▶ _Task_
Omit all images, then repeat exactly the lines below from the one containing "上記が政府の事務連絡で通知さ" through the one containing "Crocodile Oil Treatment", both ends included.

▶ _Data to use_
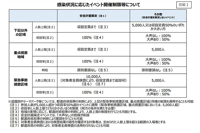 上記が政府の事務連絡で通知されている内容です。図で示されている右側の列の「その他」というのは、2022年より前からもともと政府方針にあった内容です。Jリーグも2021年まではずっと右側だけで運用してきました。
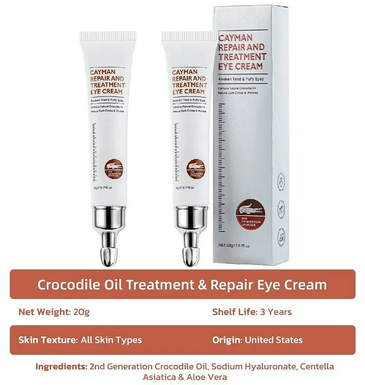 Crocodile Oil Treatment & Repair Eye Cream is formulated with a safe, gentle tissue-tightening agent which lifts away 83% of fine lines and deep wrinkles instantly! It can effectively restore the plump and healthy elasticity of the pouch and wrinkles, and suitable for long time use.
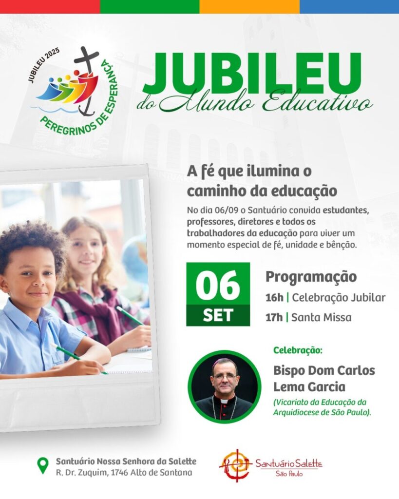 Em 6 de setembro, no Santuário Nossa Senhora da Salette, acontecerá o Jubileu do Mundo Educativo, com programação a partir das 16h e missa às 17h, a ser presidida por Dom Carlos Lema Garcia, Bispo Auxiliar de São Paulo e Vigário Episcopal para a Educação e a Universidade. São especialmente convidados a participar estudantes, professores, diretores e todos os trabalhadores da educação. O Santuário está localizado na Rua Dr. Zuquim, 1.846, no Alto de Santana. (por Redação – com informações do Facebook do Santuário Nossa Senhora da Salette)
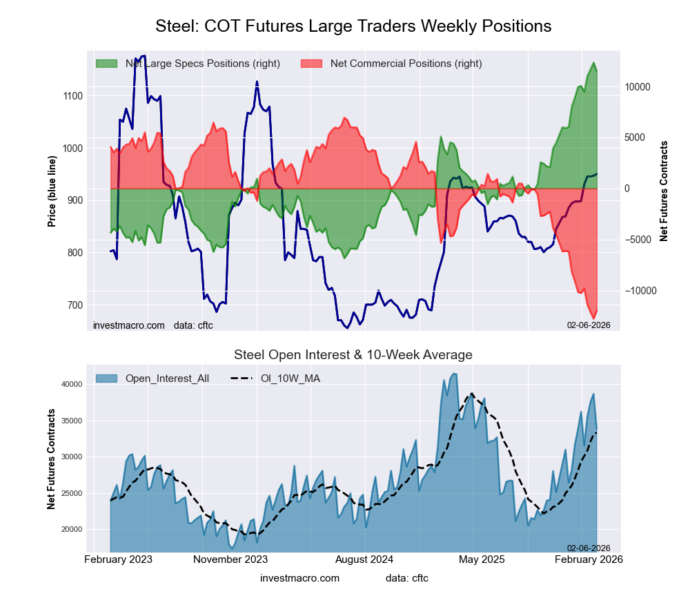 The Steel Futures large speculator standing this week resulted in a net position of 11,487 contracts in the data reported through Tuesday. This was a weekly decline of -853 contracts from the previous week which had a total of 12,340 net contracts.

==

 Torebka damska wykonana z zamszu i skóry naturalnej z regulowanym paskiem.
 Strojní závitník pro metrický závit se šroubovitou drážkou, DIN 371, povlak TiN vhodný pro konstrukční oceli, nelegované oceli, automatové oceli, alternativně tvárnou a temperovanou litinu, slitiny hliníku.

==

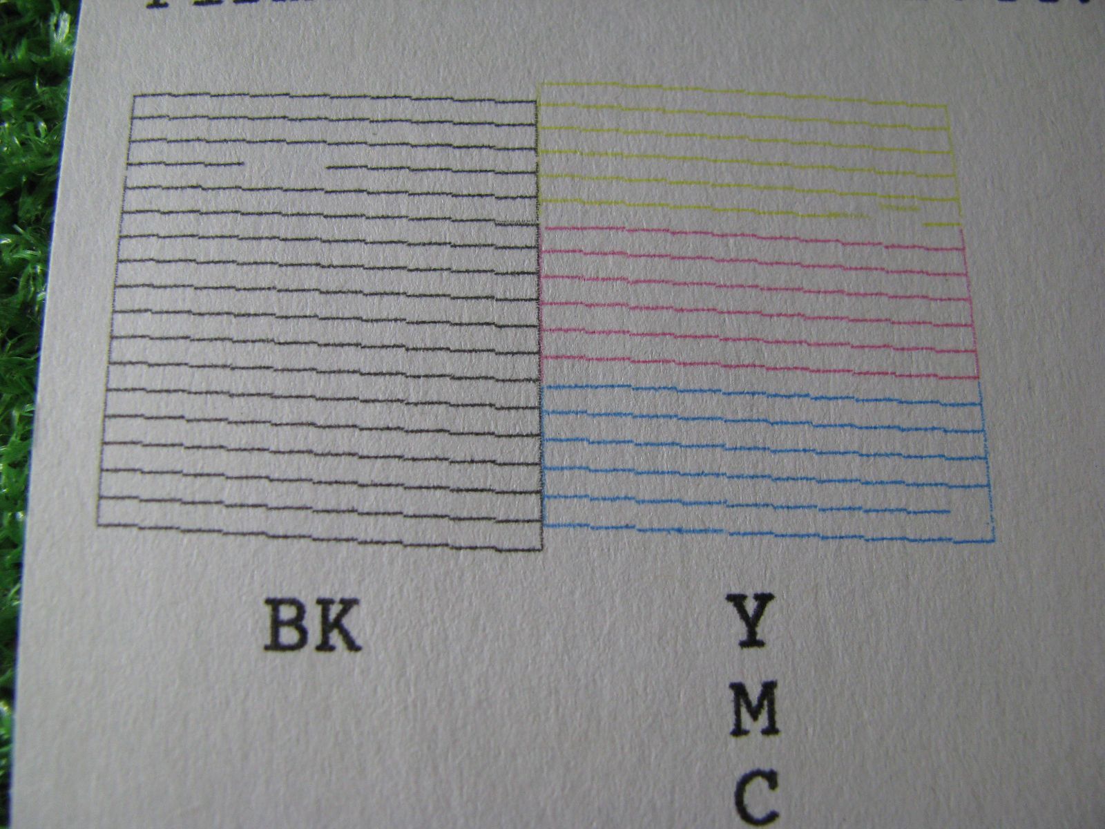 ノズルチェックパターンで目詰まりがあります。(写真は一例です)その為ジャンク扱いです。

▶ _Result for this task_
 上記が政府の事務連絡で通知されている内容です。図で示されている右側の列の「その他」というのは、2022年より前からもともと政府方針にあった内容です。Jリーグも2021年まではずっと右側だけで運用してきました。
 Crocodile Oil Treatment & Repair Eye Cream is formulated with a safe, gentle tissue-tightening agent which lifts away 83% of fine lines and deep wrinkles instantly! It can effectively restore the plump and healthy elasticity of the pouch and wrinkles, and suitable for long time use.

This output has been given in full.